> **WORK ITEM**:
Reproduce each record verbatim, images excluded.

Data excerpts
-=-=-=-=-

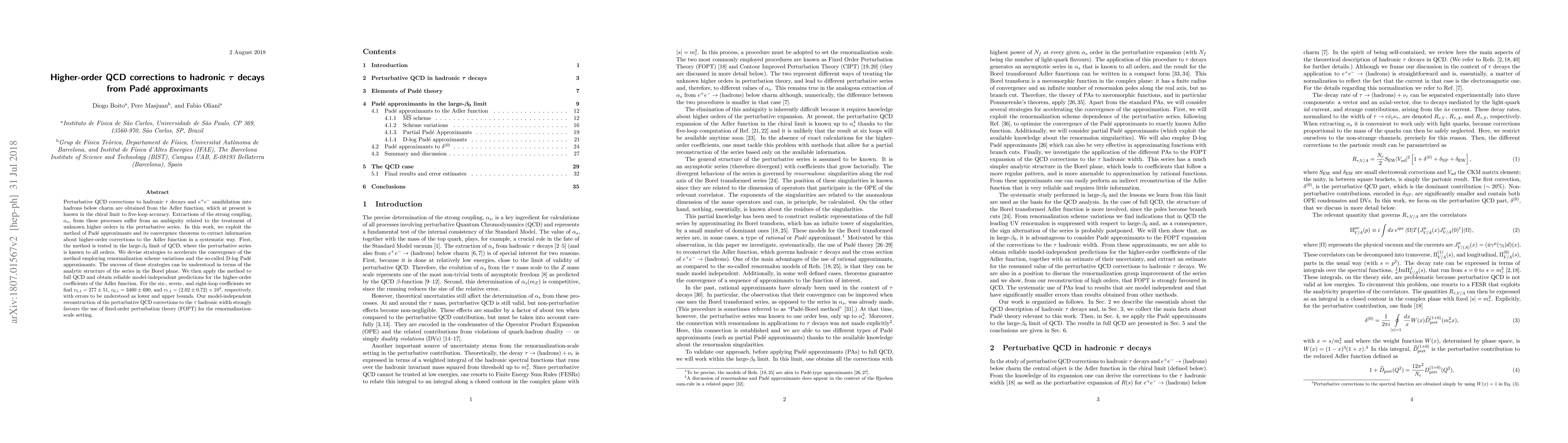 This paper uses Padé approximants to systematically extract higher-order perturbative QCD corrections for hadronic $\tau$ decays, providing model-independent predictions for coefficients up to eight loops. The method is tested and refined in the large-$\beta_0$ limit before application to full QCD, favoring fixed-order perturbation theory for renormalization-scale setting.
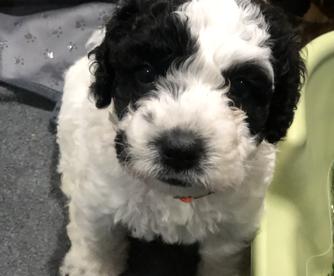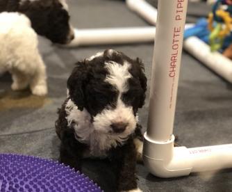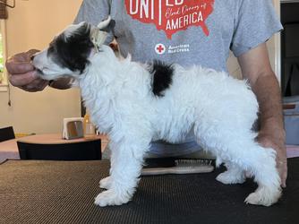 Our Chinese Crested puppies include white, sable, and black and white. Spanish Water Dog puppies include white and black, brown and white, and black and white. Colors will vary depending on the parent dogs.
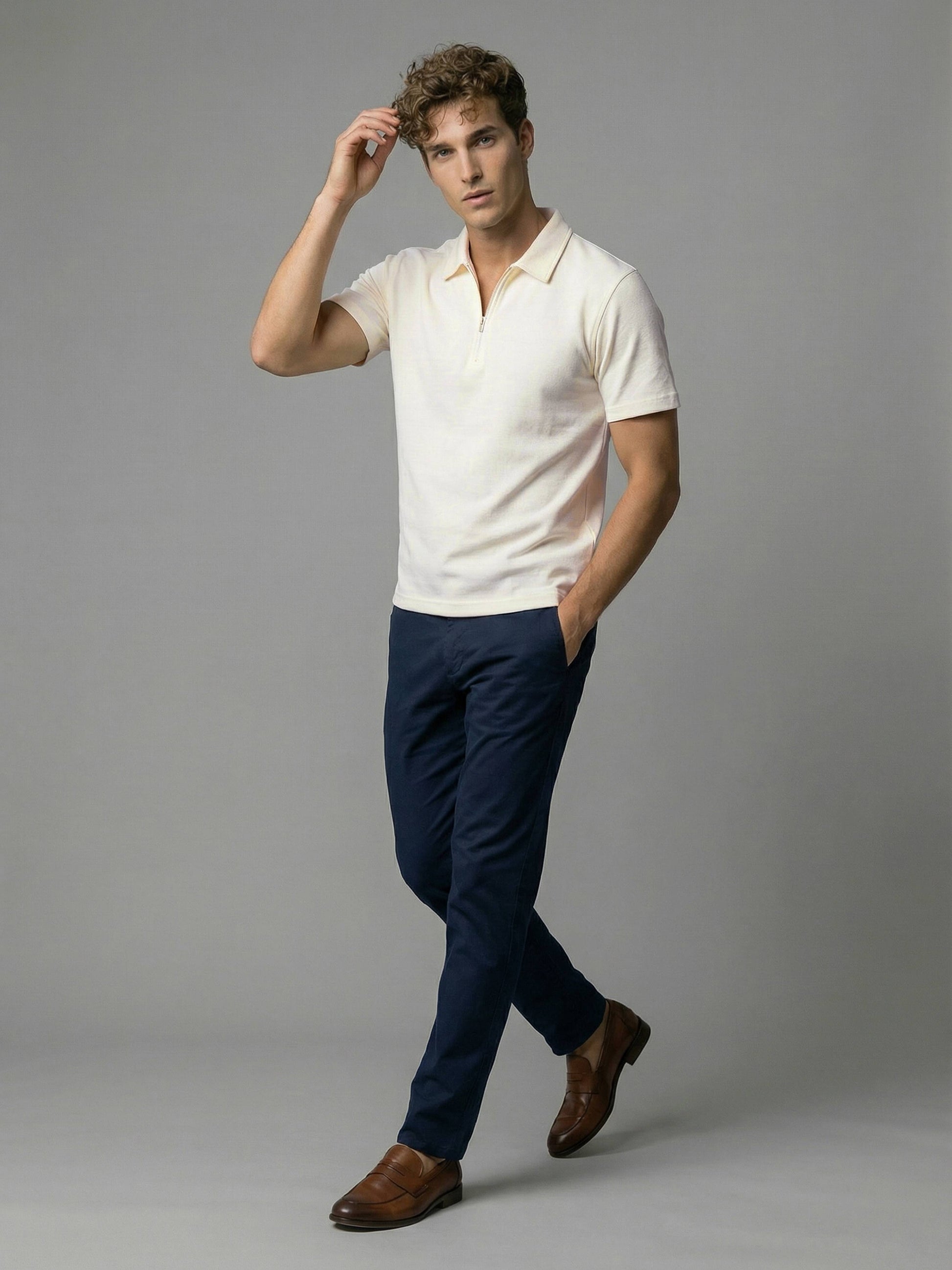 Discover the Celio Men Off White Solid Polo T-Shirt, crafted from soft cotton for a casual look. Designed with short sleeves, it's perfect for relaxed outings. Disclaimer: All other items in the image are only for display purposes and will not be a part of the delivery content. Product colour may slightly vary due to photographic lighting sources. Country of Origin - India.
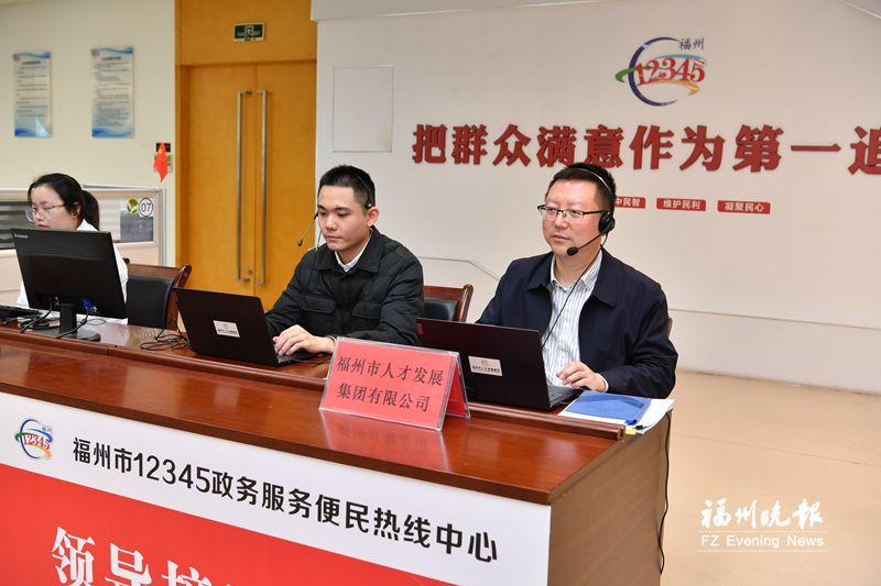福州市人才发展集团党委委员、副总经理白俊超(右一)接听12345热线。
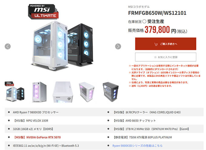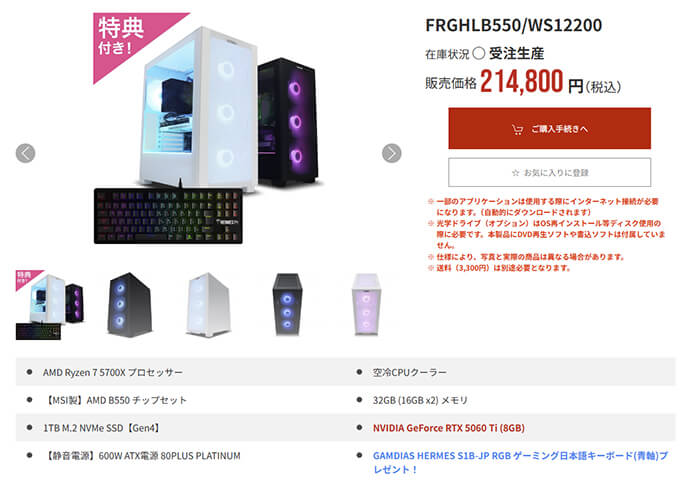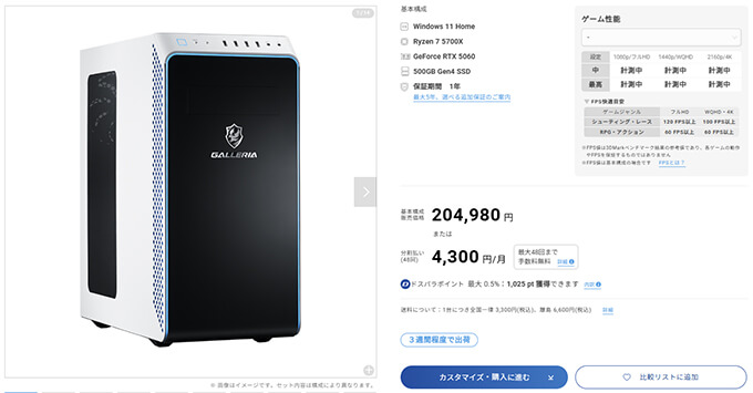 GALLERIA RA7R-R56-W 5700X搭載 台数限定モデル
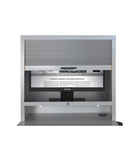 Das Rollladenmodul Master CS ist eine praktische und sichere Lösung zum Schutz von PC-Bildschirmen bis zu 24 Zoll in Industrie-, Logistik- oder Produktionsumgebungen. Dieses mit der Master-PC-Station kompatible Modul ist für die direkte Nutzung von Touchscreens konzipiert und gewährleistet Zugänglichkeit und Schutz in einer einzigen kompakten Struktur.
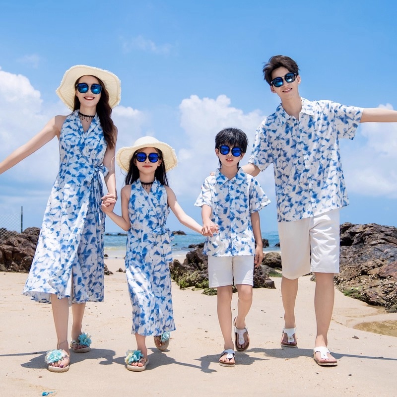 親子 アロハ おそろい 青 ペアルック 親子コーデ 韓国風 親子お揃い 上下セット 親子ペア ハワイ 旅行 水着 アロハシャツ ペアルック ワンピース Tシャツ 可愛い 夏 花柄 子供 パパ
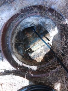 お伺いして点検させて頂くと、外に流れていく配管がつまっているのが確認出来ました。
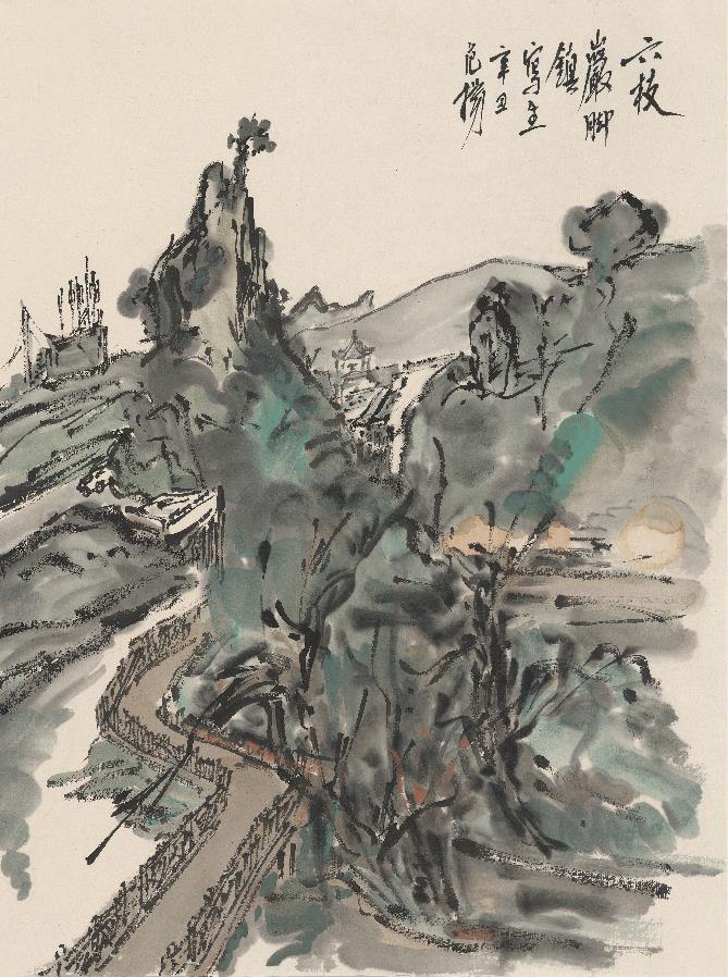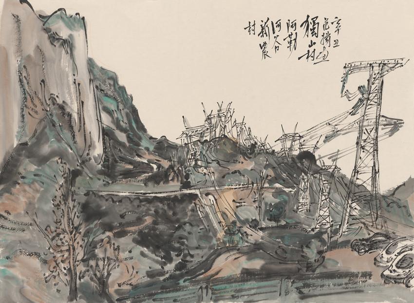 畫成,回首又見橋畔坡岸上,有高壓鐵塔林立叢生,映照在藍天綠野下,大有趣味。我迅捷提筆,揮毫自在,作小畫一幀,題名《阿勒河谷新農村》。
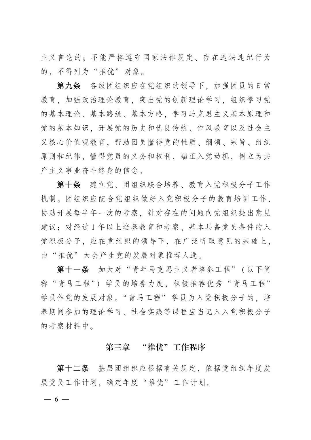 第十条 建立党、团组织联合培养、教育入党积极分子工作机制。团组织应配合党组织做好入党积极分子的教育培训工作,协助开展每半年一次的考察,针对存在的问题向党组织提出意见建议;对经过1年以上培养教育和考察、基本具备党员条件的入党积极分子,应在党组织的领导下,在广泛听取意见的基础上,由“推优”大会产生党的发展对象推荐人选。
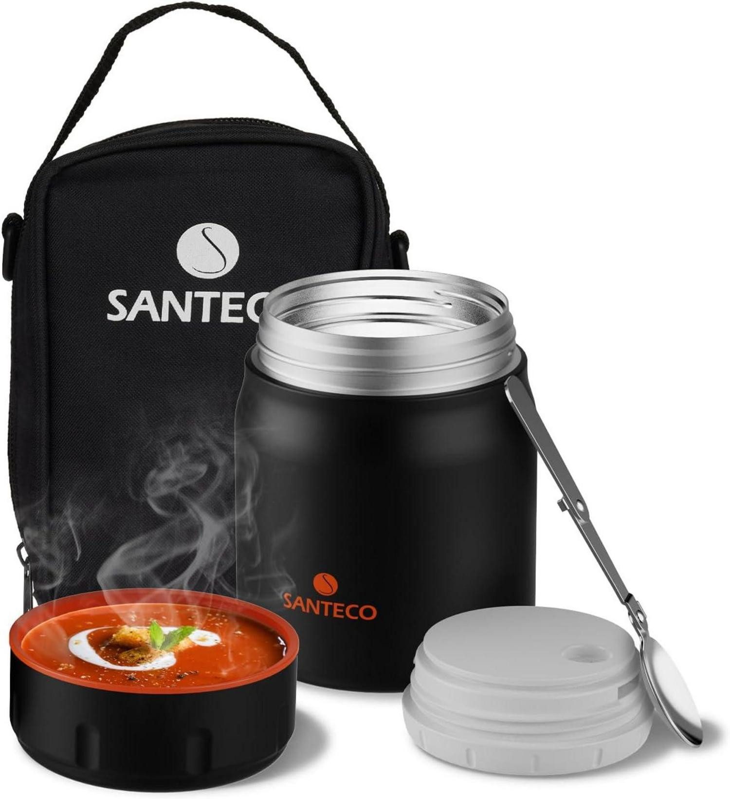 Der SANTECO Thermobehälter für Essen bietet eine optimale Lösung, um Ihre Speisen unterwegs frisch und in der gewünschten Temperatur zu halten. Vor dem Einfüllen von heißen Speisen einfach den Behälter mit heißem Wasser vorwärmen, oder für kalte Speisen im Kühlschrank abkühlen lassen. Der klappbare Löffel aus Edelstahl spart Platz und die mitgelieferte Tragetasche erleichtert den Transport. Der äußere Deckel kann sogar als Schüssel verwendet werden, was ihn besonders praktisch auf Reisen macht.
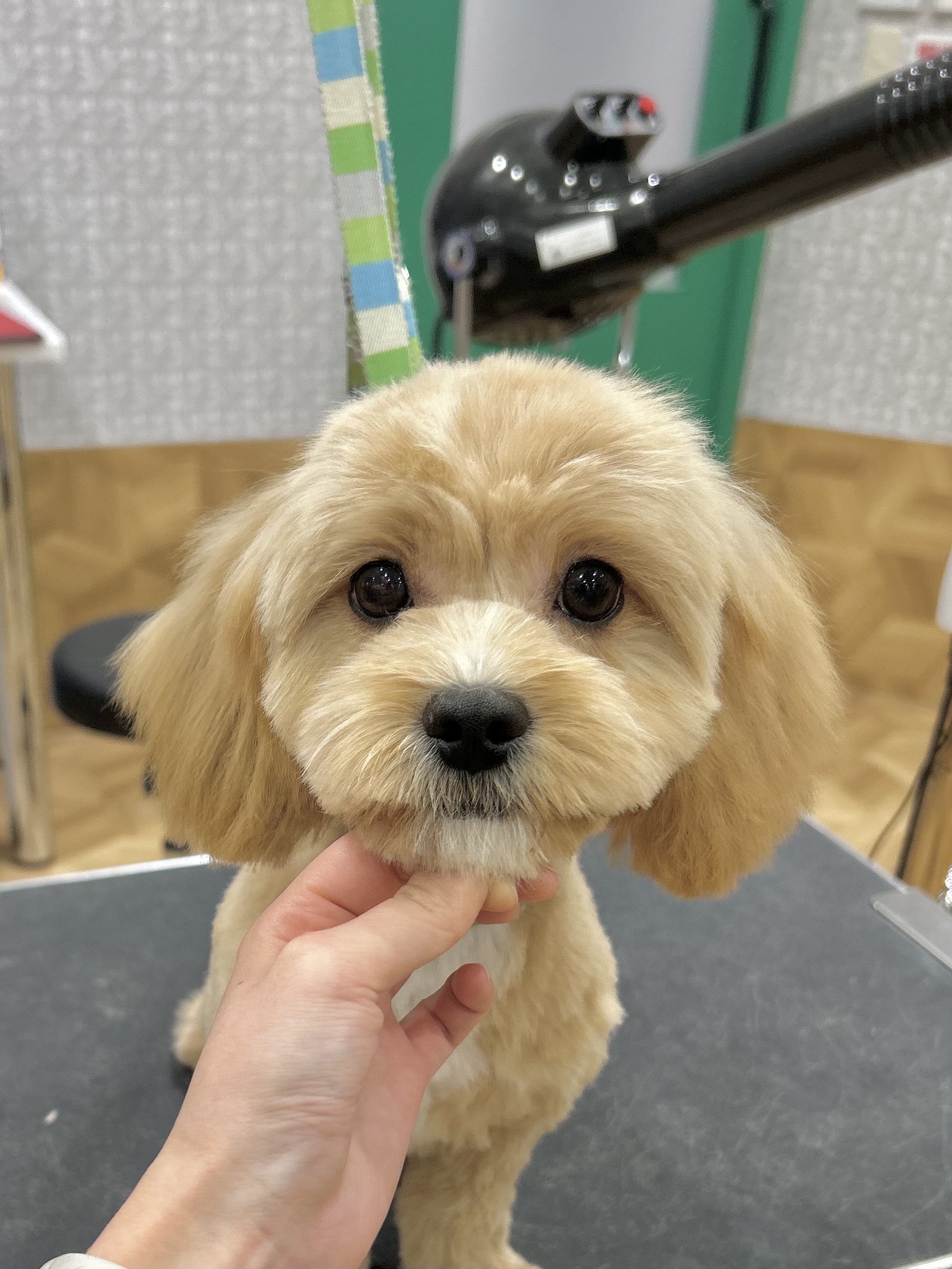 お顔まん丸カット お体とお耳はスッキリ短く、お手入れしやすいようにしています♪ 耳を刈ってお顔の丸さが強調されて、まん丸に仕上がります |
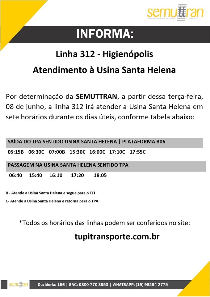 A Prefeitura, por meio da Secretaria Municipal de Mobilidade Urbana, Trânsito e Transportes (Semuttran) disponibiliza, a partir de hoje, 08/06, a linha de ônibus 312-Higienópolis, em sete horários durante os dias úteis, saindo do Terminal da Pauliceia, com destino à Usina Santa Helena.
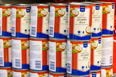 Coconut milk. Background with copy space for text. Illustrative editorial. December 18, 2021 Balti Moldova.
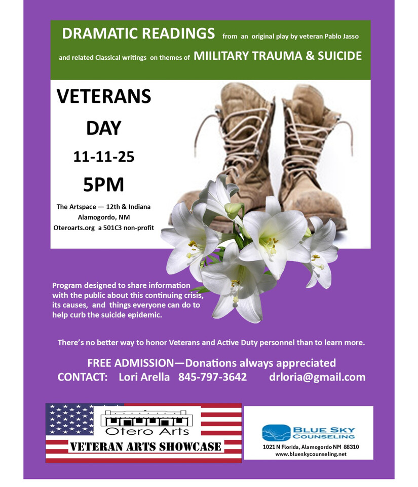 Please join Otero ArtSpace for a special Veterans Day Event TUESDAY NOVEMBER 11, 2025 at 5pm 12th, and Indiana, Alamogordo.
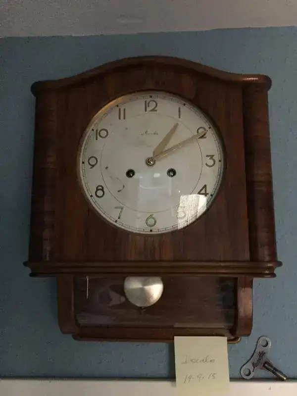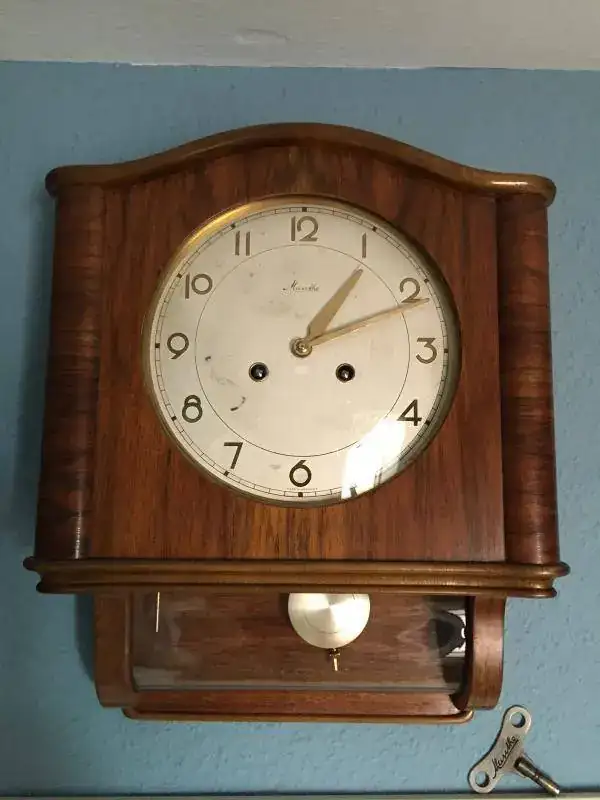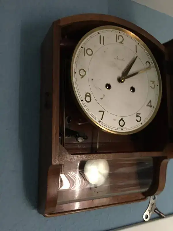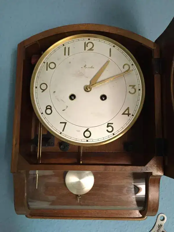 Reloj de pared mauthe fabricado en alemania en los años 50, todo un clasico con su cristal curvado, dificil de conseguir. maquinaria mecanica de cuerda de 8 dias con soneria sobre varillas, mueble en madera de roble maciza en un estado excelente, la esfera un poco manchada, llave original, mide 42x34cm. funcionamiento excelente. 175€ con el envio incluido por nacex 24h.

-=-=-=-=-

> **EXERCISE ANSWER**:
 This paper uses Padé approximants to systematically extract higher-order perturbative QCD corrections for hadronic $\tau$ decays, providing model-independent predictions for coefficients up to eight loops. The method is tested and refined in the large-$\beta_0$ limit before application to full QCD, favoring fixed-order perturbation theory for renormalization-scale setting.
 Our Chinese Crested puppies include white, sable, and black and white. Spanish Water Dog puppies include white and black, brown and white, and black and white. Colors will vary depending on the parent dogs.
 Discover the Celio Men Off White Solid Polo T-Shirt, crafted from soft cotton for a casual look. Designed with short sleeves, it's perfect for relaxed outings. Disclaimer: All other items in the image are only for display purposes and will not be a part of the delivery content. Product colour may slightly vary due to photographic lighting sources. Country of Origin - India.
福州市人才发展集团党委委员、副总经理白俊超(右一)接听12345热线。
 GALLERIA RA7R-R56-W 5700X搭載 台数限定モデル
 Das Rollladenmodul Master CS ist eine praktische und sichere Lösung zum Schutz von PC-Bildschirmen bis zu 24 Zoll in Industrie-, Logistik- oder Produktionsumgebungen. Dieses mit der Master-PC-Station kompatible Modul ist für die direkte Nutzung von Touchscreens konzipiert und gewährleistet Zugänglichkeit und Schutz in einer einzigen kompakten Struktur.
 親子 アロハ おそろい 青 ペアルック 親子コーデ 韓国風 親子お揃い 上下セット 親子ペア ハワイ 旅行 水着 アロハシャツ ペアルック ワンピース Tシャツ 可愛い 夏 花柄 子供 パパ
 お伺いして点検させて頂くと、外に流れていく配管がつまっているのが確認出来ました。
 畫成,回首又見橋畔坡岸上,有高壓鐵塔林立叢生,映照在藍天綠野下,大有趣味。我迅捷提筆,揮毫自在,作小畫一幀,題名《阿勒河谷新農村》。
 第十条 建立党、团组织联合培养、教育入党积极分子工作机制。团组织应配合党组织做好入党积极分子的教育培训工作,协助开展每半年一次的考察,针对存在的问题向党组织提出意见建议;对经过1年以上培养教育和考察、基本具备党员条件的入党积极分子,应在党组织的领导下,在广泛听取意见的基础上,由“推优”大会产生党的发展对象推荐人选。
 Der SANTECO Thermobehälter für Essen bietet eine optimale Lösung, um Ihre Speisen unterwegs frisch und in der gewünschten Temperatur zu halten. Vor dem Einfüllen von heißen Speisen einfach den Behälter mit heißem Wasser vorwärmen, oder für kalte Speisen im Kühlschrank abkühlen lassen. Der klappbare Löffel aus Edelstahl spart Platz und die mitgelieferte Tragetasche erleichtert den Transport. Der äußere Deckel kann sogar als Schüssel verwendet werden, was ihn besonders praktisch auf Reisen macht.
 お顔まん丸カット お体とお耳はスッキリ短く、お手入れしやすいようにしています♪ 耳を刈ってお顔の丸さが強調されて、まん丸に仕上がります |
 A Prefeitura, por meio da Secretaria Municipal de Mobilidade Urbana, Trânsito e Transportes (Semuttran) disponibiliza, a partir de hoje, 08/06, a linha de ônibus 312-Higienópolis, em sete horários durante os dias úteis, saindo do Terminal da Pauliceia, com destino à Usina Santa Helena.
 Coconut milk. Background with copy space for text. Illustrative editorial. December 18, 2021 Balti Moldova.
 Please join Otero ArtSpace for a special Veterans Day Event TUESDAY NOVEMBER 11, 2025 at 5pm 12th, and Indiana, Alamogordo.
 Reloj de pared mauthe fabricado en alemania en los años 50, todo un clasico con su cristal curvado, dificil de conseguir. maquinaria mecanica de cuerda de 8 dias con soneria sobre varillas, mueble en madera de roble maciza en un estado excelente, la esfera un poco manchada, llave original, mide 42x34cm. funcionamiento excelente. 175€ con el envio incluido por nacex 24h.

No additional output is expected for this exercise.